Pemerintah Provinsi Nusa Tenggara Barat (NTB) secara resmi menyusun peta jalan industri agromaritim untuk periode 2025-2029. Inisiatif ini dirancang sebagai instrumen strategis untuk menata arah pembangunan industri yang terintegrasi, berdaya saing, dan berkelanjutan di wilayah tersebut.
Kepala Dinas Perindustrian NTB, Nuryanti, mengungkapkan bahwa sebanyak 38 komoditas unggulan agromaritim telah dikonsepkan dan dipilah untuk menjadi prioritas pengembangan. “Kami membangun ekosistem industri secara menyeluruh mulai dari hulu hingga hilir,” ujarnya dalam sebuah pernyataan di Mataram, Sabtu (20/12/2025).
Nuryanti menjelaskan, penyusunan peta jalan ini selaras dengan kebijakan nasional, termasuk arah Peraturan Presiden terkait hilirisasi industri.
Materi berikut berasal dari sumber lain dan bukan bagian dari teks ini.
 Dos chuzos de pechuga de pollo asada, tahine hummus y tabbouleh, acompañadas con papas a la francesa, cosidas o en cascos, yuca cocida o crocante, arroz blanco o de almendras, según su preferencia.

Pemerintah NTB memfokuskan penguatan sektor hulu, pengembangan sentra industri yang tersebar di 10 kabupaten/kota, serta penguatan industri halal sebagai keunggulan daerah dalam lima tahun ke depan.
Menurut Nuryanti, pengembangan ekosistem industri agromaritim merupakan langkah strategis untuk mendorong peningkatan produksi dan nilai tambah komoditas unggulan daerah. Sejalan dengan pengembangan NTB sebagai pusat investasi, industri agromaritim diharapkan mampu menjadi penggerak utama pertumbuhan ekonomi daerah. “Dengan penguatan ekosistem industri agromaritim, kami optimistis sektor industri dapat berkontribusi signifikan terhadap perekonomian NTB,” kata Nuryanti.
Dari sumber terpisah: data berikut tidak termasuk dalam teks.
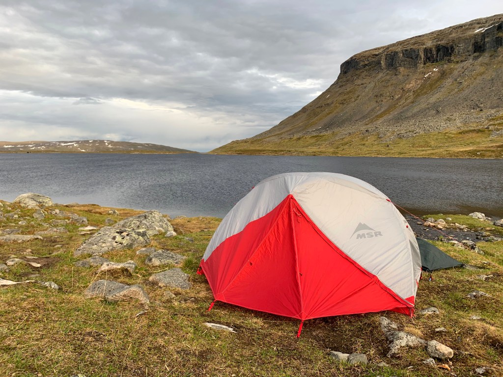 Aikaisemma blogikirjoituksessani kirjoitin varusteista ja tämä oli juurikin se hetki, milloin tajusin makuupussini olevan liian kylmä näille vaelluksille, sillä palelin koko yön ajan ja sain hädintuskin nukutuksi. Onneksi telttani on hyvä ja vettä pitävä niin emme sentään kastuneet yösateista. Toinen telttamme oli lainateltta ja teimme sen kanssa myös virheen emmekä tsekanneet etukäteen miten sen kasaaminen onnistuu. Saanajärvelle päästessämme tajusimme, ettei siellä ollut kenttää ollenkaan emmekä saaneet Googlattua tai katsottua Youtubesta kasaamisohjeita. Noin tunnin ärräpäiden jälkeen saimme kuin saimmekin teltan kasattua ja rauhoituttua yötä varten.

Badan Perencanaan Pembangunan Daerah (Bappeda) NTB akan mengawal implementasi peta jalan tersebut guna mendukung target pertumbuhan sektor industri hingga tujuh persen. Peta jalan industri agromaritim ini juga menjadi penguatan arah kebijakan pembangunan industri dalam mewujudkan visi NTB Makmur Mendunia.